James extends his application of the
biological metaphor of an organism when identifying the ‘search for form’
(1884: 48) as a central feature of the art of fiction. The search, among other
things, is for the most effective way of structuring and narrating the story as
a whole; and it can only be found from within the subject itself, not by
imposing existing patterns or applying sterile rules. In his preface to The Spoils of Poynton, James calls this ‘the logic of the
particular case’ (1907–9: 1139). This view leads not just to a rejection of any
externally imposed purpose on the novel, in keeping with the idea of organic
form, but to the repudiation of any kind of ‘conscious moral purpose’ (1884:
62). The alternative is to confine the subject to ‘conventional, traditional
moulds’, thereby reducing it to ‘an eternal repetition of a few familiar
clichés’ (1884: 58). It is a ‘mistake’ to ‘say so definitely beforehand what
sort of an affair the good novel will be’; the ‘only obligation to which in
advance we may hold a novel . . . is that it be interesting’ (1884: 49).

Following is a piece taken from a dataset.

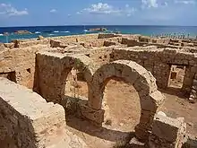 The Palace of the Dux was excavated by Goodchild between 1959 and 1962.[8] It was last used as the Byzantine Duke's Palace and contains over 100 rooms. A marble inscription testifies to its use as a Roman military commander's house, however the identification of the name and status of the man who built the palace is problematic.[9]

The Art of Fiction is in large measure a
rebuttal of the English novelist and critic Walter Besant’s The Art of
Fiction (1884), from where James initially took his title, and its
insistence on the novel as an ‘Art’ which is ‘governed and directed by general
laws’ (Besant 1884: 3). The most important of these laws was that there should
be a ‘conscious moral purpose’ (Besant 1884: 24). Against this, James asserts
that ‘[t]here are bad novels and good novels’, but ‘that is the only
distinction in which I see any meaning’ (James 1884: 55). The implications of
what he goes on to say for the relation between the novel and morality are
discussed below:
There is one point at which the moral sense and the
artistic sense lie very near together; that is in the light of the very obvious
truth that the deepest quality of a work of art will always be the quality of
the mind of the producer . . . No good novel will ever proceed from a
superficial mind. (1884: viii)
The author should be granted his
‘subject’ (1884: 56), the form of which ‘is to be appreciated after the fact’
(1884: 50). If the reader dislikes the subject, then the novel can be
abandoned. The measure of a novel’s success is that of how the subject is
treated; whether it develops organically, that is, like a seed into a plant,
from the centre of its chosen subject. ‘[W]e can estimate quality’, James
believed, only by applying the ‘test of execution’ (1884: 50), by judging what
an author has done with his or her subject. James criticized George Eliot’s Middlemarch (1871–2),
for example, for being a ‘treasure-house of details’, but an ‘indifferent
whole’ (Rawlings 2002: 2: 301). He saw the character of Dorothea as central to
the novel and felt that excursions into other characters and stories were a
distraction. For James, George Eliot’s novel not only dealt with its subject in
too scattered and distracting a way, it was ultimately irresponsive and
irresponsible to what should have been its subject, Dorothea, thereby failing
the ‘test of execution’.
The
Moral Sense and the Artistic Sense in The Art Of Fiction
James writes in The Art of Fiction that:
There is one point at which the moral sense and the
artistic sense lie very near together; that is in the light of the very obvious
truth that the deepest quality of a work of art will always be the quality of
the mind of the producer . . . No good novel will ever proceed from a
superficial mind. (1884: 63–4)
A similar idea is expressed in the
preface to The Portrait of a Lady. The ‘ “moral” sense of a work of
art’ depends ‘on the amount of felt life concerned in producing it’: ‘The
question comes back thus, obviously, to the kind and degree of the artist’s
prime sensibility, which is the soil out of which his subject springs’.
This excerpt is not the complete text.